American geophysicist (1883–1987)

Oliver Holmes Gish (September 7, 1883, Dickinson County, Kansas – February 22, 1987, Athens, Georgia) was an American geophysicist, known for his research on atmospheric electricity and earth currents. He "contributed to our understanding of magnetic storms and the daily variation of the geomagnetic field."

==Biography==

===Early life and education===
He was born on a farm near Abilene, Kansas and played ball with one of Dwight D. Eisenhower's older brothers. Oliver Gish graduated in 1908 in physics at Kansas State College (renamed Kansas State University in 1959).

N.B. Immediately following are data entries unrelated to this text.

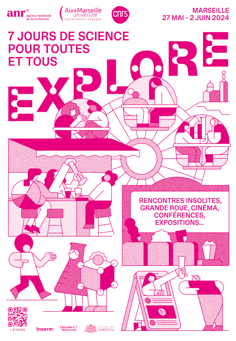A propos du festival EXPLORE: Du 27 mai au 2 juin 2024, le festival EXPLORE s’installe à Marseille pour sa première édition. Co-organisé par Aix-Marseille Université et le CNRS en partenariat avec Centrale Méditerranée et l’Inserm, c’est un nouveau rendez-vous festif, gratuit et ouvert à toutes et tous, petits et grands. Plus de 80 scientifiques viennent à la rencontre des Marseillaises et Marseillais à travers des activités ludiques et interactives. L’occasion de plonger au cœur de la recherche et d’explorer son impact sur notre quotidien ! Au programme : tête-à-tête insolites, immersion virtuelle, visites de laboratoires et bien plus encore.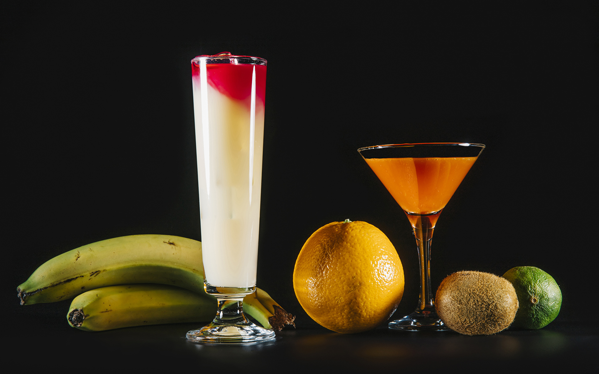 Сок Бананы Апельсин Киви Лайм Черный фон Бокалы Еда фото 1920x1200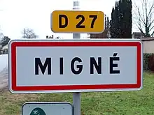 - (Géographie) (Avant 1958) Ancien nom de la commune française Migné-Auxances.

===Early career and further education===
After teaching high school mathematics and physics for one school term, he worked as a weather observer for the U.S. Weather Bureau from 1909 to 1910 in Lincoln, Nebraska and from 1910 to 1911 at the Mount Weather Research Observatory near Bluemont, Virginia. From 1911 to 1913 he was a graduate student and teaching assistant in physics at the University of Nebraska. After receiving his M.S. at Nebraska, he went in 1913 to begin work on a doctoral degree in physics at the University of Göttingen. However, with the outbreak of WW I in 1914, he returned to the University of Nebraska, where he worked as a mathematics instructor from 1914 to 1916. In 1918 the Gish family moved to Pittsburgh, where Oliver Gish worked as a research engineer for the Westinghouse Corporation. One of his former students, Edna Miller, graduated with an M.S. in chemistry on June 9, 1915, and married him later on the same day. For three summers from 1915 to 1917, Oliver and Edna Gish both undertook doctoral studies at the University of Chicago. There he worked under Robert Andrews Millikan on some of the first cosmic ray research done in the U.S.A.

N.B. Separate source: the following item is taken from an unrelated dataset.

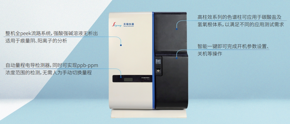TIC-680離子色譜儀是天瑞儀器在TIC-600的基礎(chǔ)上,推出的全新一款具有雙極電路、電磁閥進(jìn)樣、可搭載自動淋洗液發(fā)生器、同時(shí)可兼容安培檢測器、紫外檢測器等,滿足不同的樣品測試需求。該款產(chǎn)品搭載淋洗液自動發(fā)生器可實(shí)現(xiàn)梯度洗脫,滿足新國標(biāo)GB5750.10-2023生活飲用水中消毒副產(chǎn)物的測定;除此之外該產(chǎn)品既能滿足常規(guī)陰離子、陽離子、氰根及小分子有機(jī)酸的分析,也能與AFS、ICP、ICP-MS聯(lián)用進(jìn)行形態(tài)分析;普遍適用于環(huán)境、疾控、食品、電子、化工、醫(yī)藥、礦冶等領(lǐng)域。

===Carnegie Institution===
In 1922 Oliver Gish became a staff member with the position of associate physicist at the Carnegie Institution's Department of Terrestrial Magnetism (DTM). He was recommended by Sebastian Mauchly (the father of the digital computer pioneer John Mauchly). The Gish family's third daughter, Helen Pauline, was born in December 1922. At the Carnegie Institution's DTM he held the positions of physicist from 1927 to 1928 and section chief of terrestrial electricity from 1928 to 1948, as well as being the assistant director from 1933 to 1946. Donald Miller Gish was the youngest of Oliver and Edna Gish's four children. From 1922 to 1944 the Gish family lived in Somerset, Maryland, where both Oliver and Edna Gish were members of the town council.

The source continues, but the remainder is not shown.